Top of LISTED ENTRIES

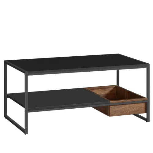 Dohányzóasztal, fekete, diófa rekesszel 100x55x45 cm
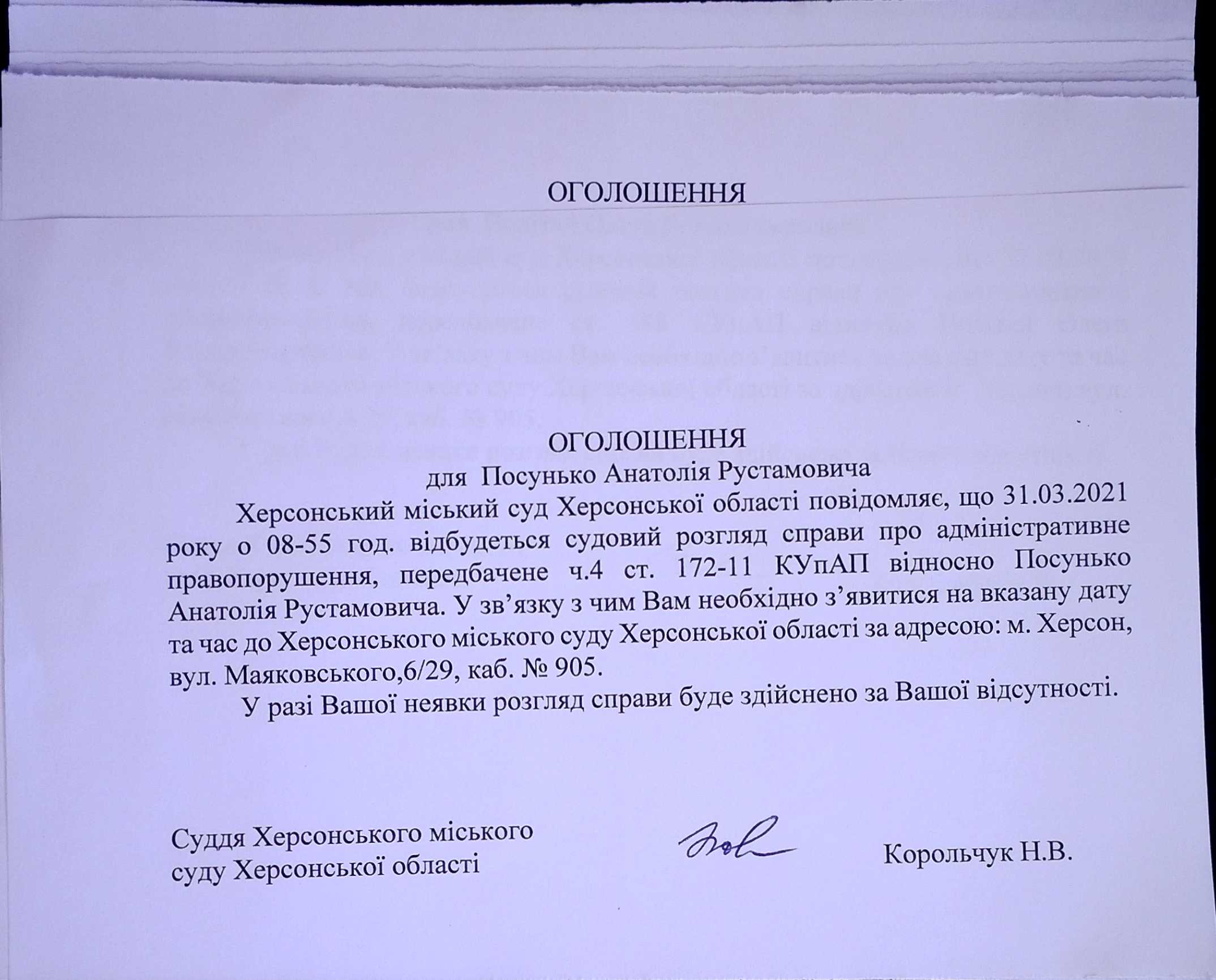 ОГОЛОШЕННЯ для Посунько Анатолія Рустамовича
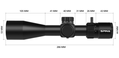 The first focal plane (FFP) model. Compared to the traditional 4-16x44 FFP, it has a more compact design. The total length is only 286mm.
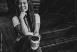 Happy smiling woman drink coffee sitting on wooden steps in street.
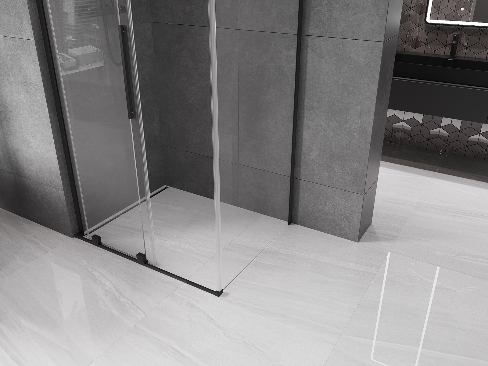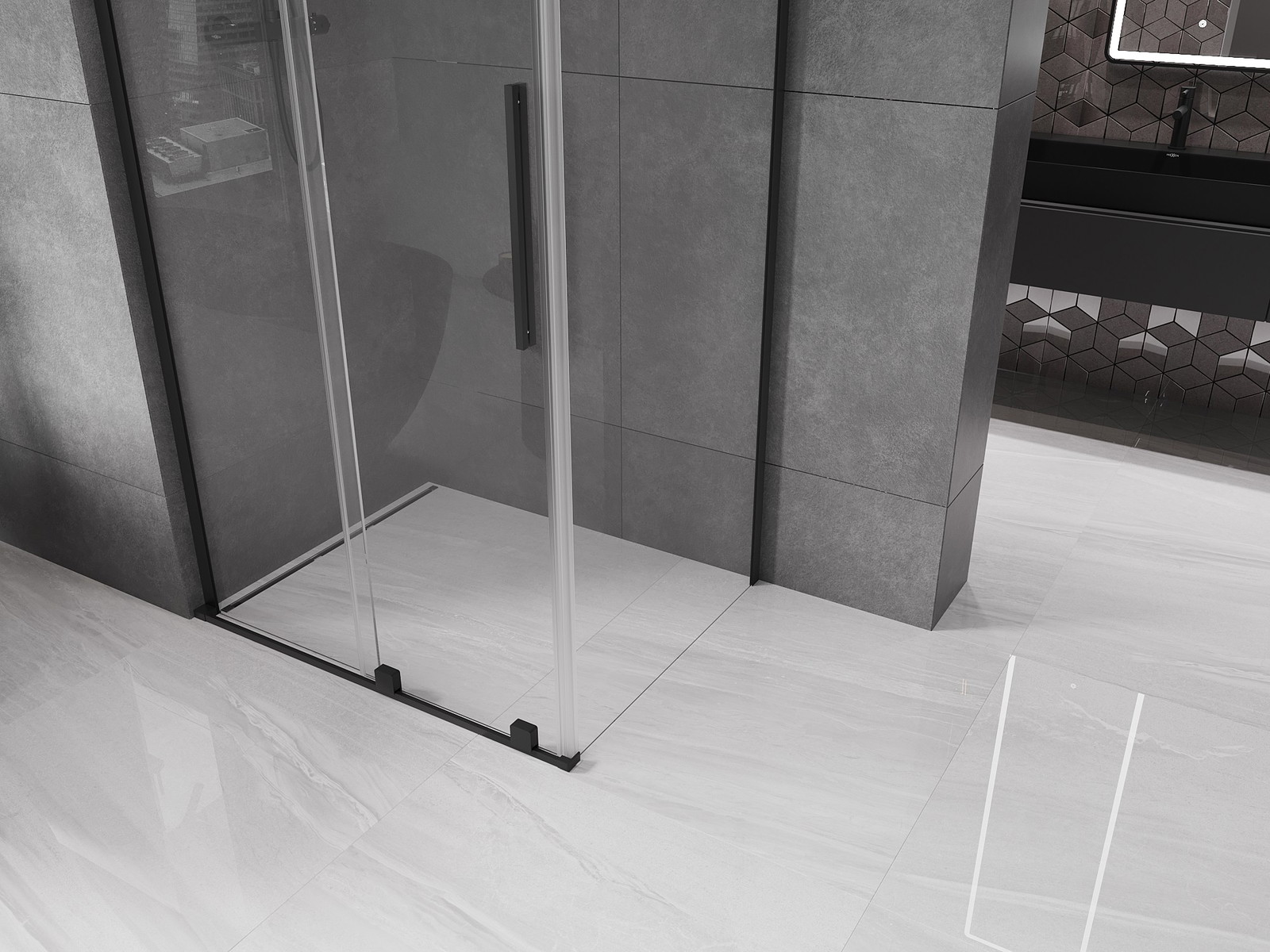 Mexen Velar L drsna tuš kabina 120 x 85 cm, prozorna, črna - 871-120-085-03-70
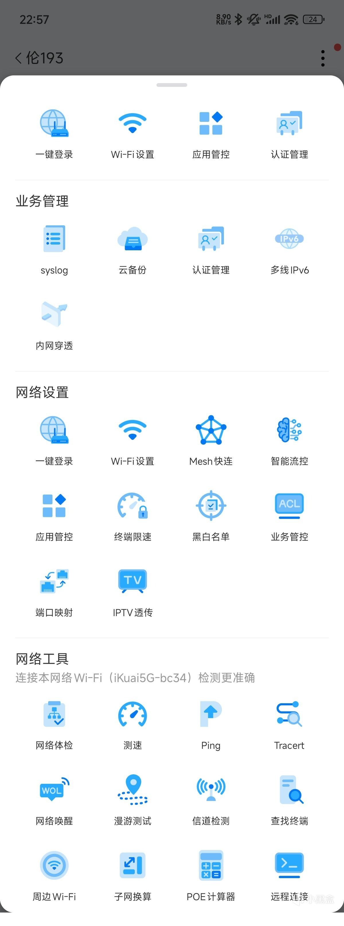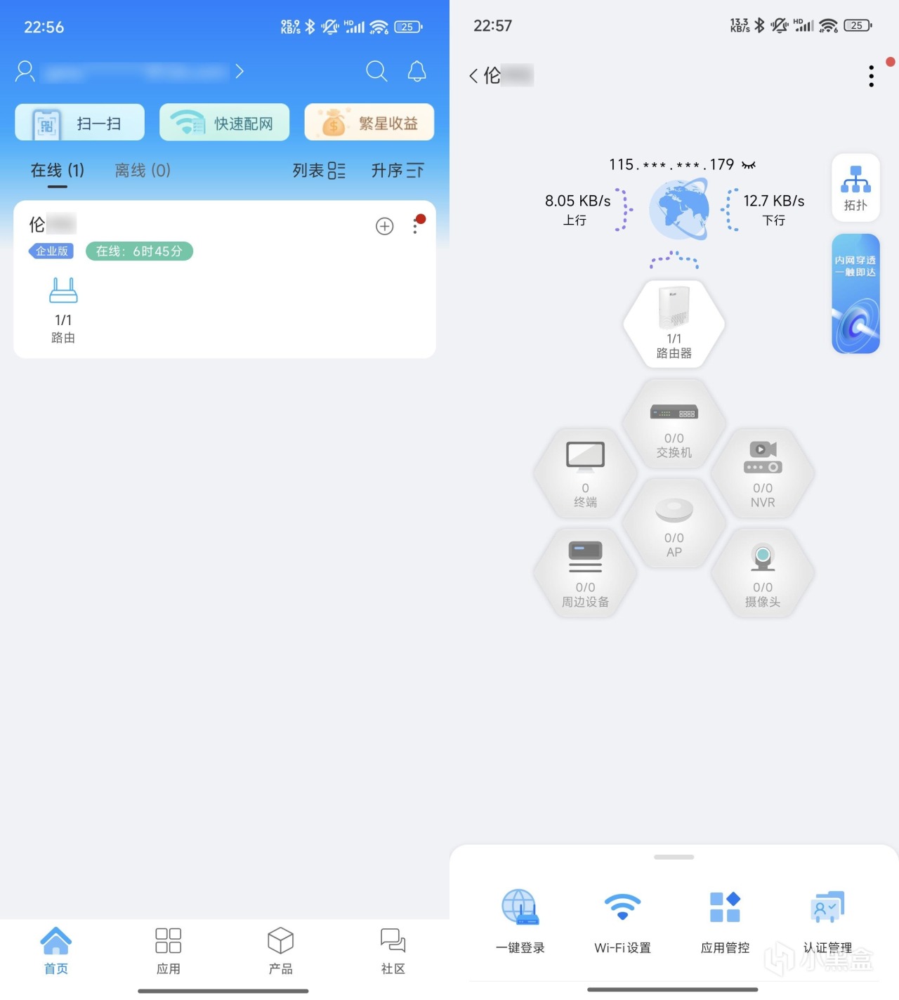 作为主要面向企业的网络管理App,爱快e云首页会显示当前账号绑定的设备列表——这与大多家用App上来就显示家里那唯一一个网络不同。
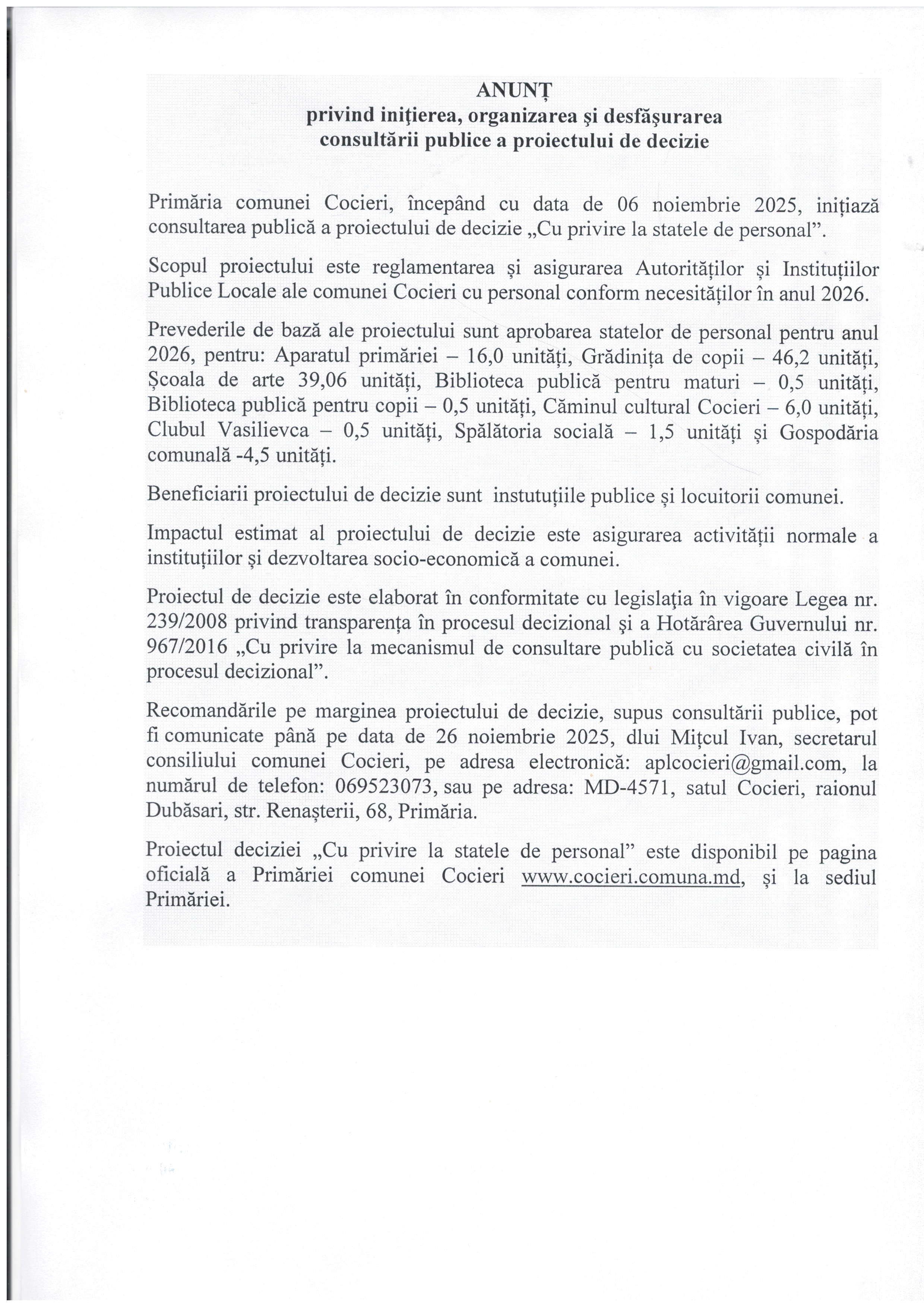 ANUNȚ privind organizarea și desfășurarea consultării publice a proiectului de decizie „Cu privire la statele de personal”

Bottom of LISTED ENTRIES

> _WHAT YOU SHOULD DO_: Repeat exactly the lines from the one containing "作为主要面向企业的网络管理A" to the last line of the records above, including both, and leave out any pictures.

> _THE ANSWER_:
 作为主要面向企业的网络管理App,爱快e云首页会显示当前账号绑定的设备列表——这与大多家用App上来就显示家里那唯一一个网络不同。
 ANUNȚ privind organizarea și desfășurarea consultării publice a proiectului de decizie „Cu privire la statele de personal”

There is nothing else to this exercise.